The lines below, from the one holding "Đánh dấu ✔ vào" through the one holding "いろいろ持ち寄った材料を基に", are to be restated word for word, with all images left out.

Dataset>
+++

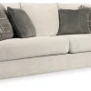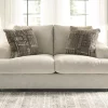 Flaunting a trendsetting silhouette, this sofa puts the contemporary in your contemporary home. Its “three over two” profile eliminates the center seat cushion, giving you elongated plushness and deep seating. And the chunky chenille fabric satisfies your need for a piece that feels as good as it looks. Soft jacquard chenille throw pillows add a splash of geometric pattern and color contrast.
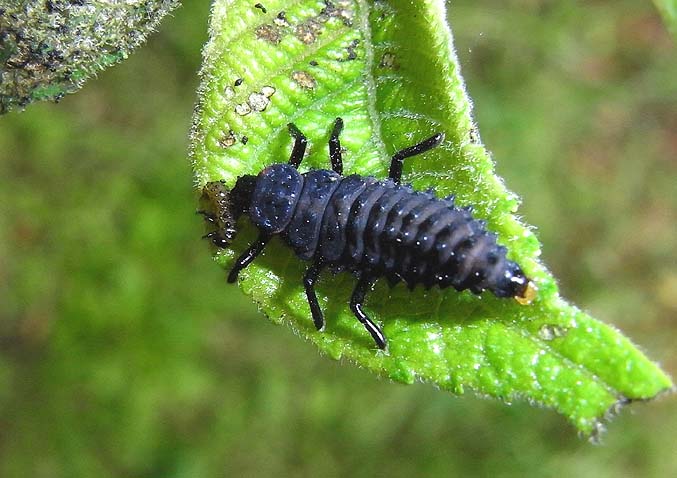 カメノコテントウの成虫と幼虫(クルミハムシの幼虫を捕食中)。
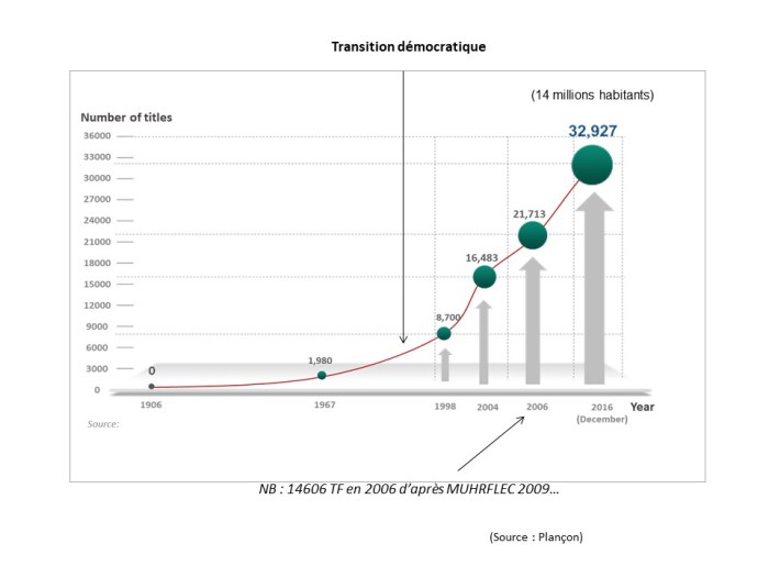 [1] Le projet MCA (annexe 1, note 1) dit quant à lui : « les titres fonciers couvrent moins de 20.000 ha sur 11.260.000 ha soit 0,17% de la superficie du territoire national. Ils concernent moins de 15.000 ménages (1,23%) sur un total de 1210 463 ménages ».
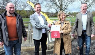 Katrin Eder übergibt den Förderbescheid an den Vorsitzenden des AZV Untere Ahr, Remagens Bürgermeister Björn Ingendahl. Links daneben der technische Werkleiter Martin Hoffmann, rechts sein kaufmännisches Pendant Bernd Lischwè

+++

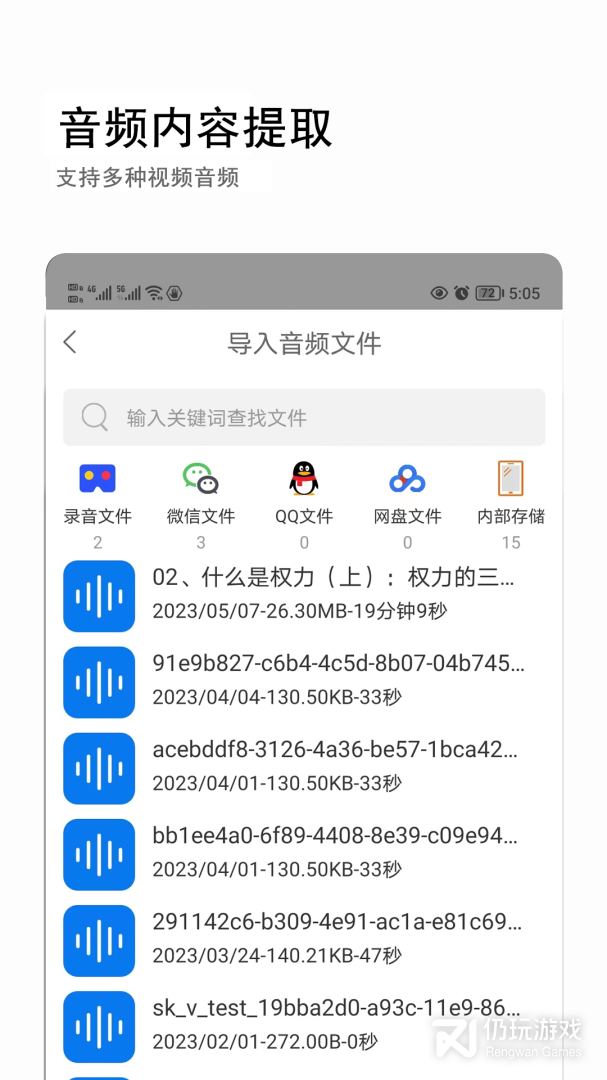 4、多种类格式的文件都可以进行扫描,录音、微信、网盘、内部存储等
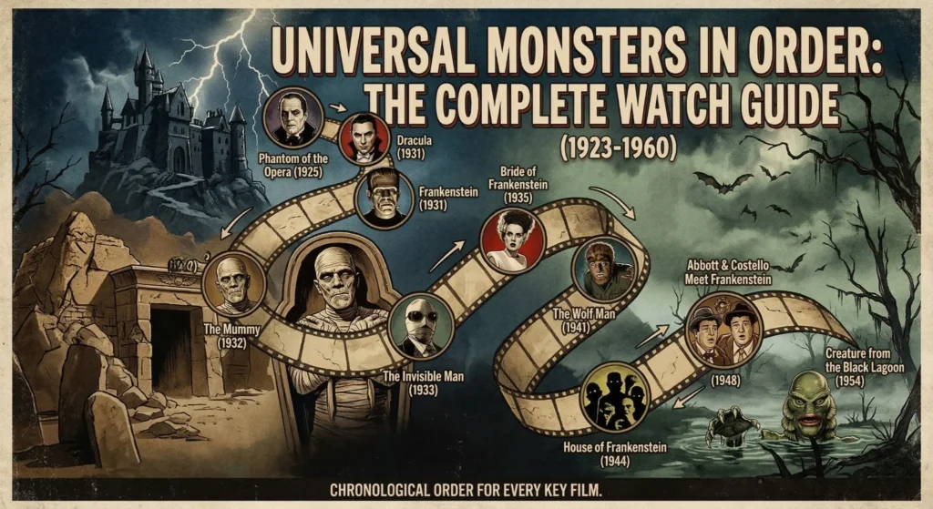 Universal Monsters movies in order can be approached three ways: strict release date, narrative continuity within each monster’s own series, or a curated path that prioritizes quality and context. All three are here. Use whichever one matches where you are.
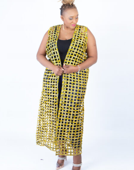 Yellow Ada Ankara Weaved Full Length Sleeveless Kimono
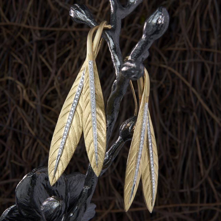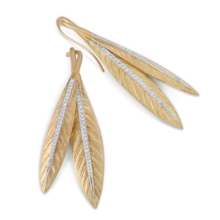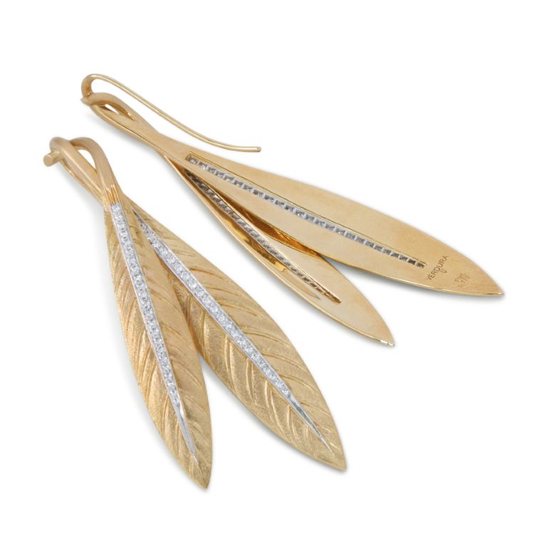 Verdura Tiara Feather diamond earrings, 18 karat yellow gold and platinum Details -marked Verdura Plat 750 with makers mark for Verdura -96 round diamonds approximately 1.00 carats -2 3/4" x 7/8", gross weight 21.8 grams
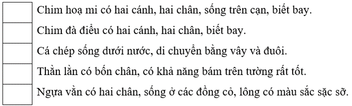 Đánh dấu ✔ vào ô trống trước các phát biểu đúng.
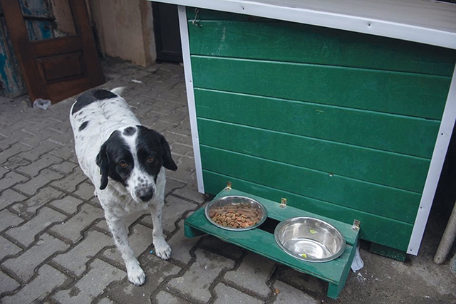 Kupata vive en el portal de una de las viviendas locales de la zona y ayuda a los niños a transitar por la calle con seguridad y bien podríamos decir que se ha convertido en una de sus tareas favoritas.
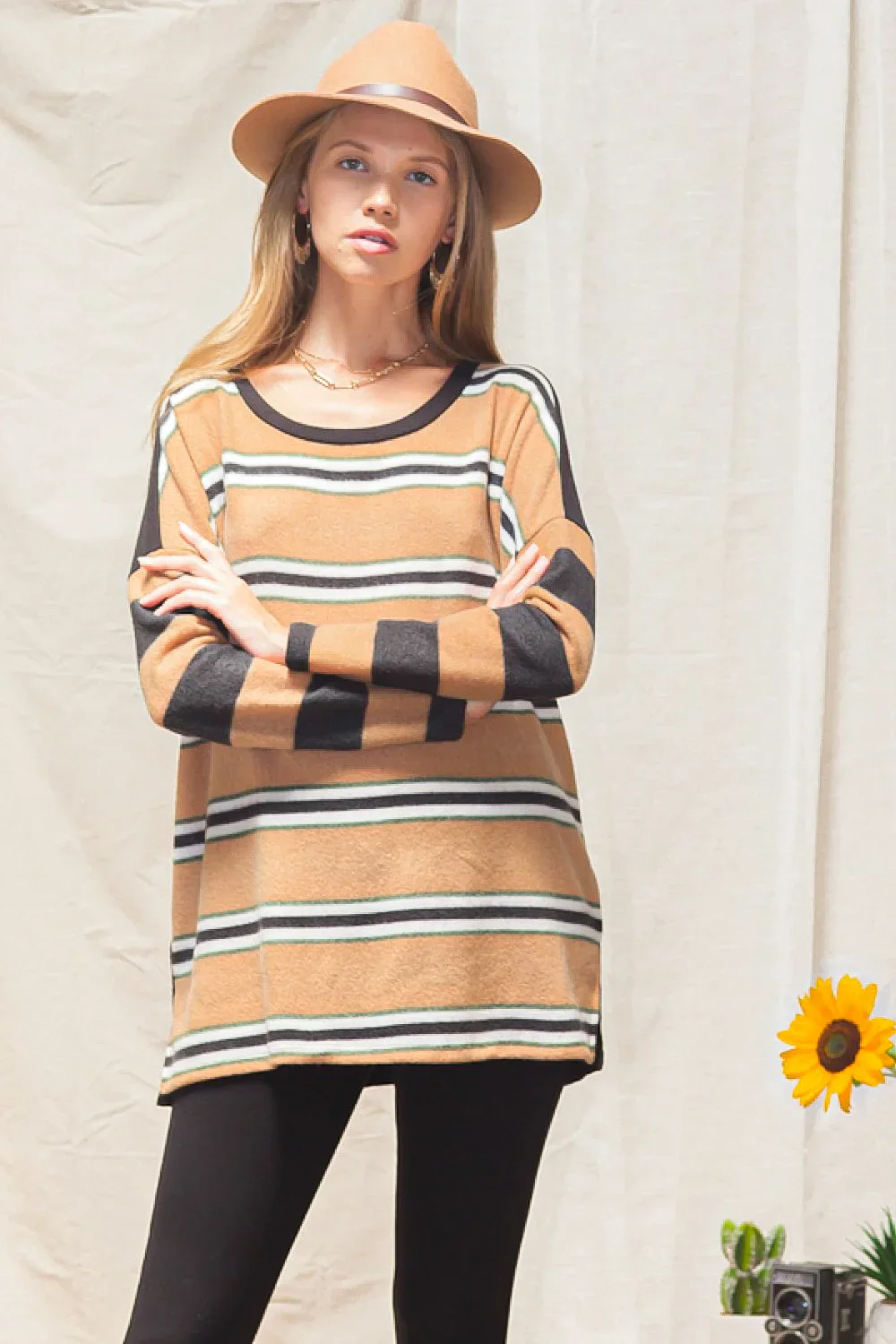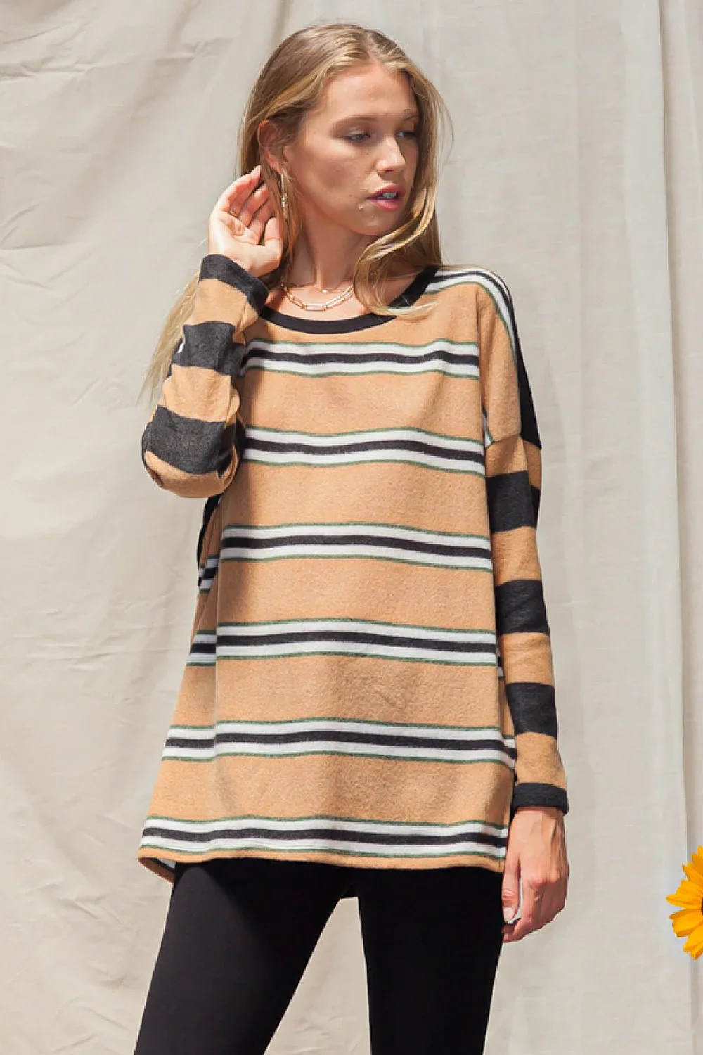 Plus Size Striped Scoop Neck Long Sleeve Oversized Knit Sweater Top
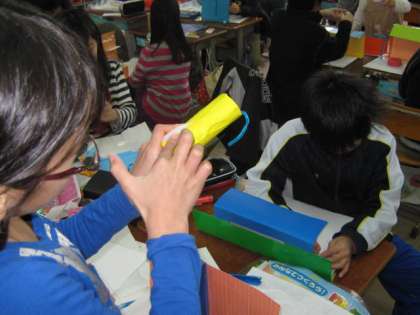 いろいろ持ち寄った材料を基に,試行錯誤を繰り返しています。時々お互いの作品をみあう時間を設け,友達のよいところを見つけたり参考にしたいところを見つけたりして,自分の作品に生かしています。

+++

Exercise answer>
 Đánh dấu ✔ vào ô trống trước các phát biểu đúng.
 Kupata vive en el portal de una de las viviendas locales de la zona y ayuda a los niños a transitar por la calle con seguridad y bien podríamos decir que se ha convertido en una de sus tareas favoritas.
 Plus Size Striped Scoop Neck Long Sleeve Oversized Knit Sweater Top
 いろいろ持ち寄った材料を基に,試行錯誤を繰り返しています。時々お互いの作品をみあう時間を設け,友達のよいところを見つけたり参考にしたいところを見つけたりして,自分の作品に生かしています。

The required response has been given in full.